Il Parlamento Europeo ha riconosciuto la salute sessuale e riproduttiva tra i diritti umani. Le violazioni della salute sessuale e riproduttiva delle donne costituiscono una forma di violenza nei confronti delle donne e delle ragazze e ostacolano il progresso verso la parità di genere.

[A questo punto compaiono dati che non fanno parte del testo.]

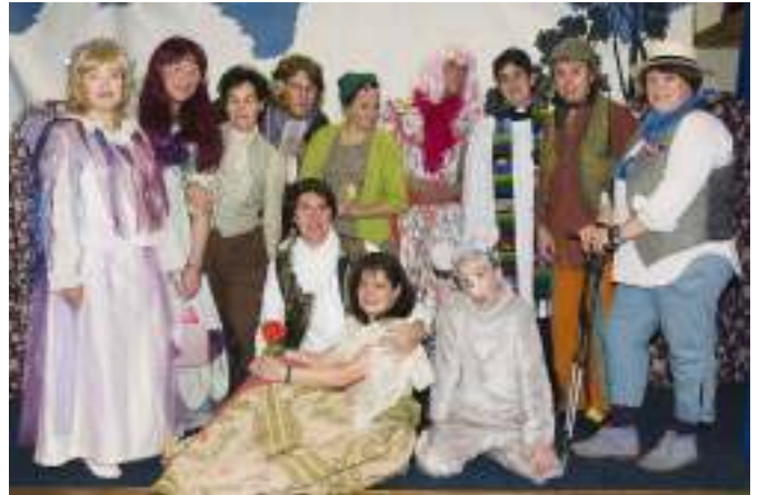
The cast of Beauty and the Beast

collection of poems based on the Museum and its collection.
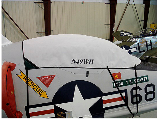
A-4 Skyhawk Canopy Cover

Travel Covers are made with Silver Solution-Dyed Polyester fabric and only lined over the windshield to save weight. The material is lightweight and more compact for easy stowage in the aircraft. The polyester material is water resistant, but only intended for occasional use outside. We also have an ultra lightweight material available for fitted hangar dust covers. For daily outdoor use, the non-travel Sunbrella Cover is the best choice.
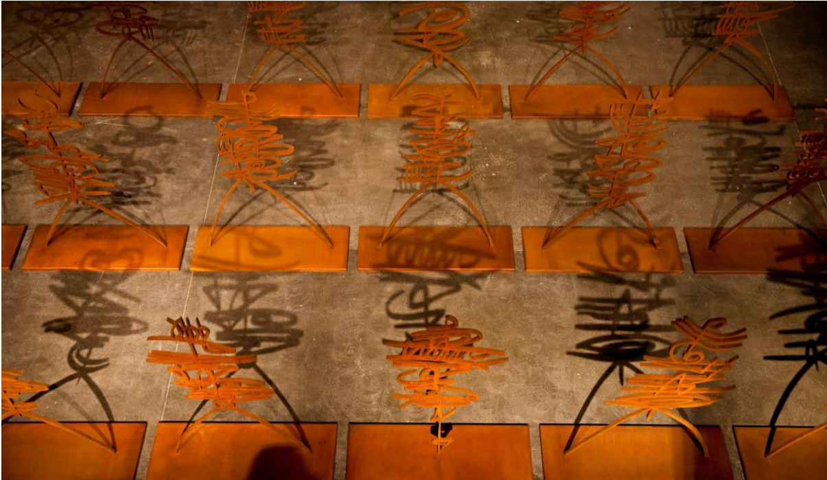
Exhibition views of Les Priants , Elmarsa Gallery

In an ode to Elmarsa Gallery's longstanding collaboration with Rachid Koraïchi, we would like to present an exhibition that revisits a collection of his work. On view from the 27 th of February until the 25 th of May, 2024, the exhibition will encompass a breadth of disciplines that Koraïchi has enmeshed into his practice, highlighting his abiding fascination with the creation of deeply layered seams. Showcasing the iconic site-specific installation comprising of Les Prieurs alongside Les Priants , the two towering polished bronze and green patina sculptures and a selection of the twenty-one unique Corten steel sculptures will fill the space, casting delicate and shifting shadows. Accompanying the sculptures will be a body of two-dimensional work ranging in medium and highlighting Koraïchi's ability to insight a moment of reflection to the onlooker. Draped along the lengths of the gallery's three-meter walls will be the encased silk organza tapestries, embroidered with glyphs that are brought together to encapsulate the timeless themes of the changing seasons.
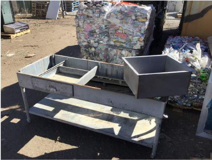
METAL FRAME WITH DRAWER AND SINK BID #: 327
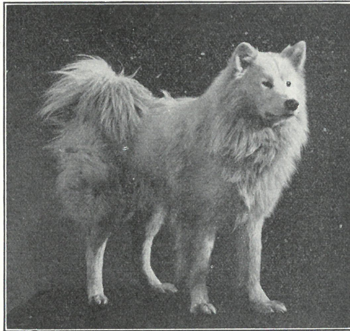
CH. DONERNA'S BARIN

Among our own numerous dogs I have seen the Barin character, the Barin smile
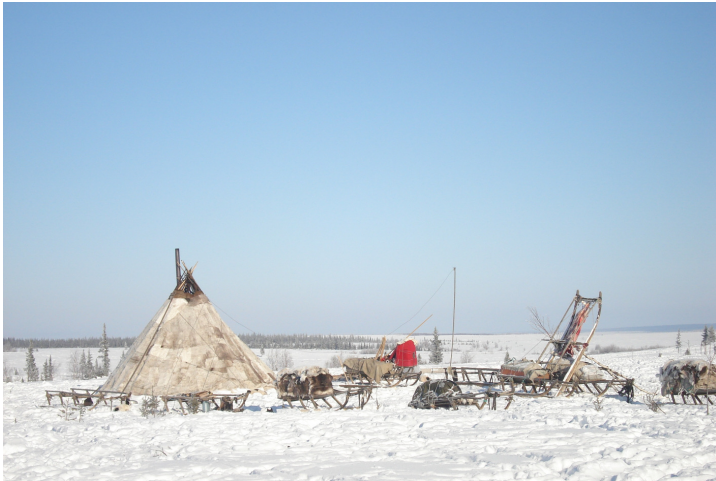
Nentsy tent home on the tundra
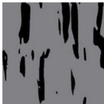
09851.103 ROCK GREY
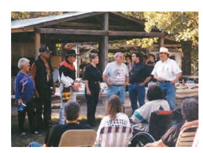
Committee members, 2001
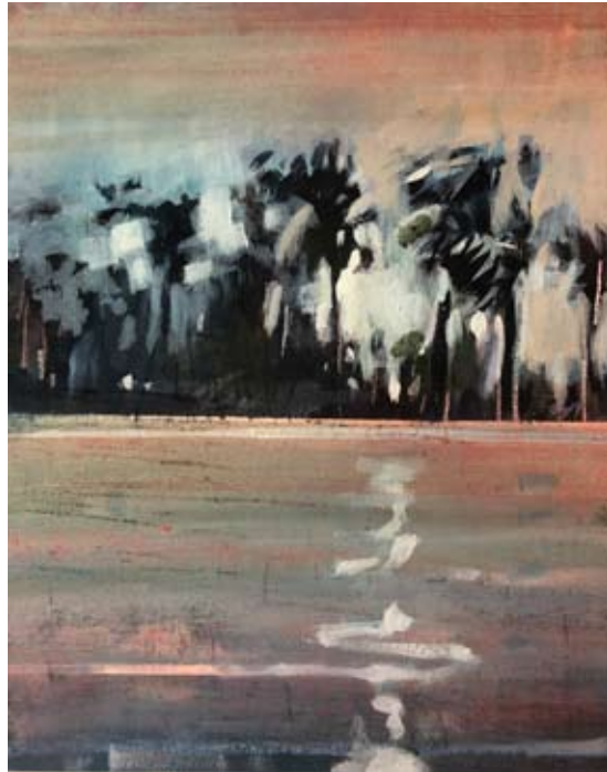
CAHUITA SHORE STUDY / 26 X 30CM / OIL ON CANVAS / £200

Ecco perché ora i Paesi UE dovranno garantire l’accesso a una gamma ampia di servizi di alta qualità, completi e accessibili nel campo della salute sessuale e riproduttiva e dei relativi diritti e a rimuovere tutte le barriere giuridiche, politiche, finanziarie e di altro tipo che impediscono il pieno accesso alla salute sessuale e riproduttiva e ai relativi diritti per tutte le persone. Anche per l’Italia è arrivato il momento di adeguarsi a quelle che sono le direttive europee in fatto di diritti alla salute sessuale e riproduttiva e superare le oggettive difficoltà all’accesso all’aborto. Mi rivolgo al Ministro Speranza e ai Presidenti di Regione in particolar modo a quelli del Piemonte, Umbria, Marche Abruzzo e ai candidati della regione Calabria. E’ giunto il momento di ripristinare i servizi alle donne sia nei consultori sia negli ospedali.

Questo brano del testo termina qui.